21 November, 2008

Encounters with Shrub Mid-Air: A Karen Story

Karen loved to tell this story to everyone she met. I post it in honor of her upcoming birthday, November 23. She would have been 57. (See my post below this one for my thoughts). She told the story better than I do here and, she understood better what all the technical things were, of course. All I can do is my best, which is necessary, but not sufficient.

It was the summer of 2004, the night of the Republican convention in which W was to speak. Karen and I were returning from Provincetown and had designed things so that we would NOT be on the ground in NYC for the event. So, there we were in the night sky, Karen attending to the pilot things and me, thinking, "I'm in the night sky. This is so cool. This is beautiful. I'm like a star..." and other non-profound thoughts. Suddenly, I got a punch in the leg.

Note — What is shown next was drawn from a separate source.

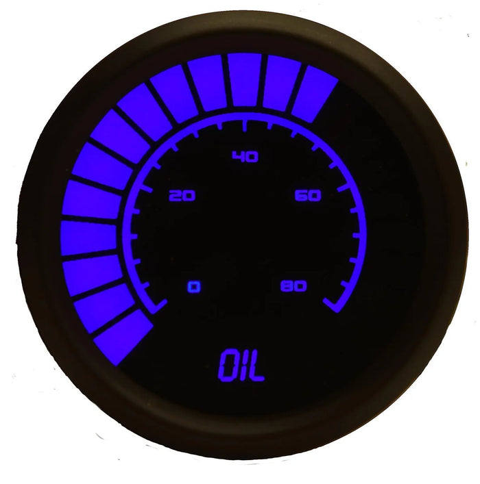 Oil Pressure Gauge - Bargraph - 0-80 psi - Electric - Digital - LED - 2-1/16 in Diameter - Black Face - Blue LED - Each
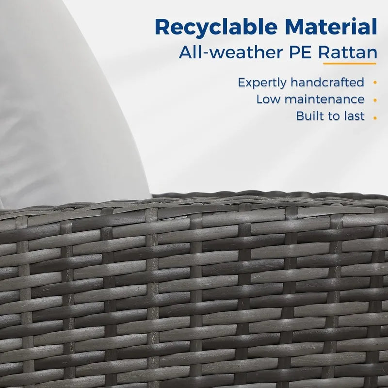 5-Piece Patio Set All Weather Wicker, Outdoor Sofa with Cushions & Glass Table, Grey Conversation Set

In order for Karen and I to hear each other, we both had to wear headphones. That technically meant that, were I not contemplating singing "Twinkle, twinkle" to myself, I should have heard the transmission from the tower in NY. So, when a flustered Karen followed the punch with "Did you hear that?" I was forced to tell the truth and say, "No, I was night-dreaming." She didn't find it cute.

"Ma'am, get out of BRAVO space now." BRAVO space refers to the central, most important air space -- in this case we were in NY's BRAVO space which we needed to be in order to get home. And suddenly we were being told to scram somewhere in the night sky. Karen was about to ask where in this vast expanse we were expected/allowed to go in order to get to our destination of Caldwell airport when a nicer voice came on the radio and said, "Just point toward ----" I forget where it was he said, but it made instant sense to Karen and she proceeded to re-program whatever the device is called that you do that to in order to change course. About a minute later, we both heard another transmission. "Air Force One Requesting Clearance for take off." Karen says my eyes went raccoon wide. About a half minute later, we heard, "Air Force One you have clearance to take off."

So, apparently, we'd been bopped out of BRAVO space because the Shrub didn't want to spend any more time on the ground than he had to, either. His ship and ours literally passed in the night, both avoiding each other.

Shortly after, I believe, we were able to ask if we could return to our original course, which we did, feeling just a little bit cooler than we already thought we were.

Karen Beth Hunter, November 23, 1951 - Sept 2, 2005.